- **Data**:
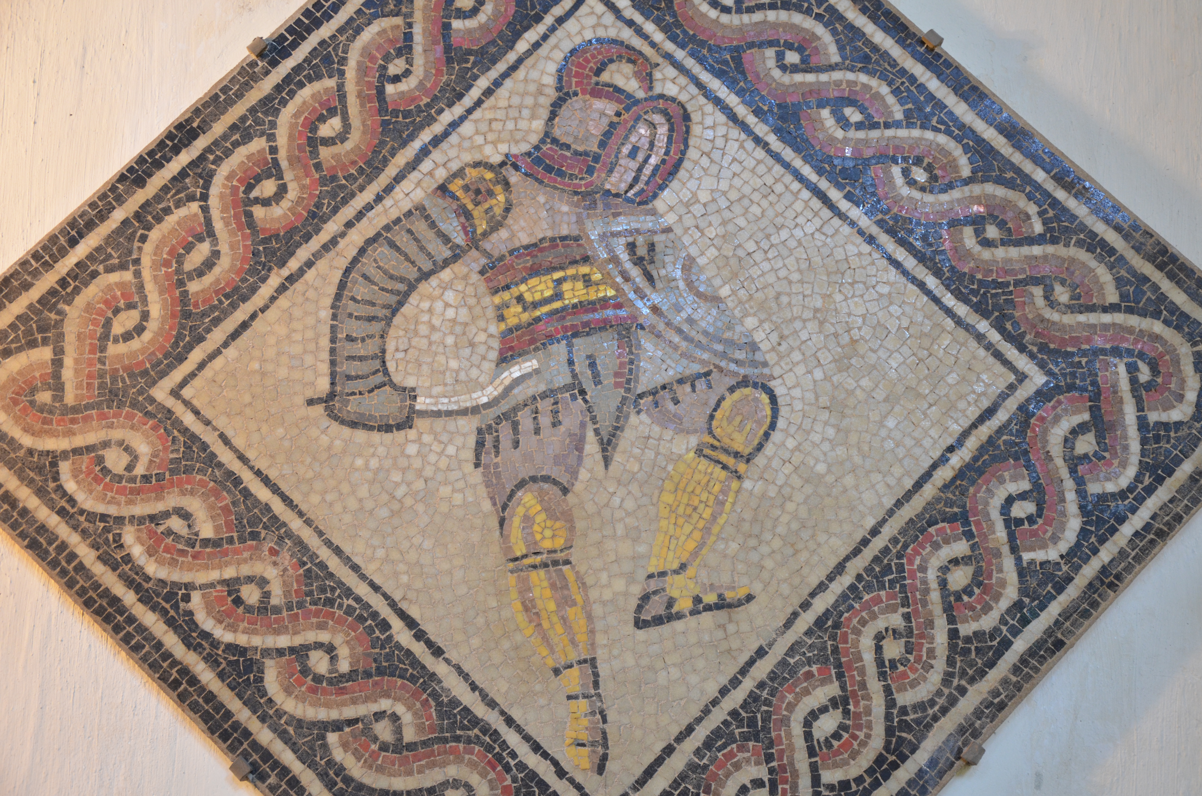 The only surviving medaillion of the Thrace mosaic, found in Reims in 1860 but destroyed during WW1, Musée Saint-Rémi, Reims, France (Durocortorum)
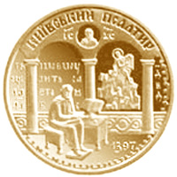 Coin of Ukraine
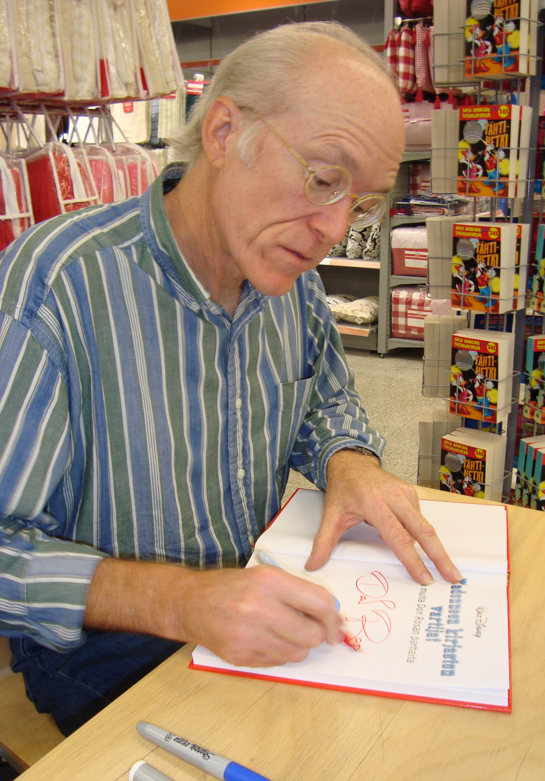 Don Rosa signing a book in K-citymarket Itäkeskus, Helsinki
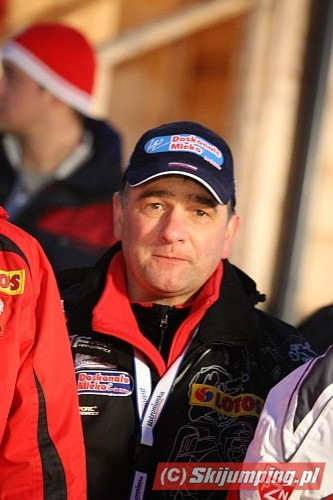 FIS Ski Jumping World Cup in Zakopane 2008 Canceled saturday competition Zbigniew Klimowski

- **Exercise instructions**:
All of the data must be set down exactly, with no pictures included.

- **Your solution**:
 The only surviving medaillion of the Thrace mosaic, found in Reims in 1860 but destroyed during WW1, Musée Saint-Rémi, Reims, France (Durocortorum)
 Coin of Ukraine
 Don Rosa signing a book in K-citymarket Itäkeskus, Helsinki
 FIS Ski Jumping World Cup in Zakopane 2008 Canceled saturday competition Zbigniew Klimowski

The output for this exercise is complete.